Background information
- Born: Marietta Ruth Sherman July 5, 1862 Lowell, Massachusetts, US
- Died: September 22, 1949 (aged 87) Brookline, Massachusetts, US
- Genres: Popular music; classical music;
- Occupations: Violinist; musical educator; orchestral conductor;
- Instrument: Violin
- Member of: Beacon Orchestral Club; Raymond Orchestra;
- Spouse: J. Maxfield Raymond ​(m. 1892)​

= Marietta Sherman Raymond =

American conductor and violinist (1862–1949)

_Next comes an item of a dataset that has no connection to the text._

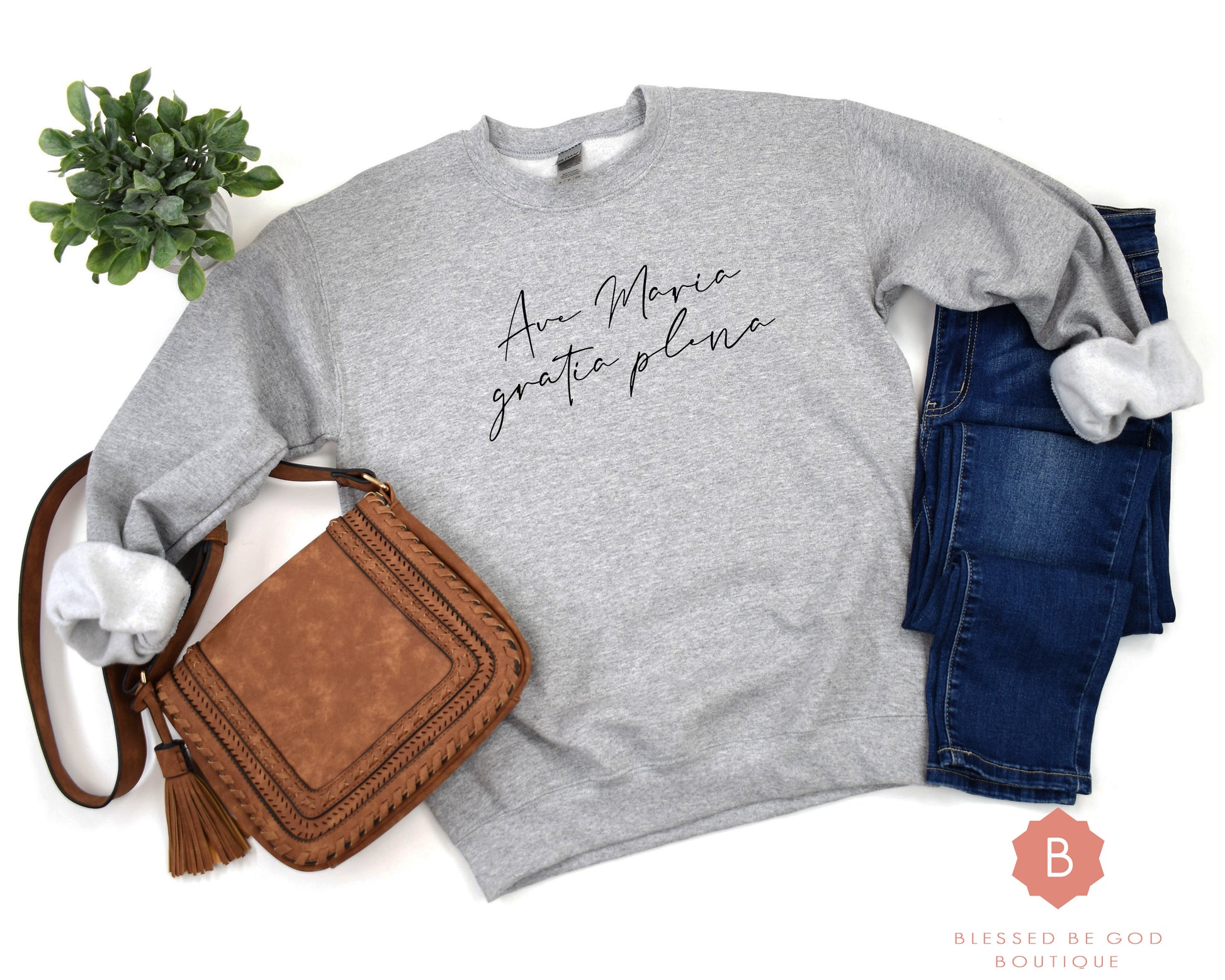 Ave Maria Catholic Sweatshirt, Grey, White, Pink

Marietta Sherman Raymond (Sherman; 1862–1949) was an American musical educator and orchestral conductor, as well as a successful violinist. In 1892, in Boston, Raymond was regarded as the most successful violin soloist, among women, while noting, too, that she conducted an orchestra of 50 young women, many of whom were prominent in Boston society. She was the leader and manager of the Beacon Orchestral Club and the Raymond Orchestra.

==Early life and education==
Marietta (nickname, "Etta") Ruth Sherman was born in Lowell, Massachusetts, July 5, 1862.

She showed a strong liking and talent for music, and at the age of seven, she began the regular study of the art. With her parents, she removed to Boston, and at the age of nine, commenced the study of the piano and organ. After a short course on the piano, she began the study of the violin, with William Shultz, formerly first violin of the Mendelssohn Club. She afterwards studied with Julius Eichberg and Charles N. Allen, being with the latter for ten years.

==Career==
As teacher of violin, she joined the faculty of Wellesley College of Music, 1891–96. In addition, she had about 50 private pupils.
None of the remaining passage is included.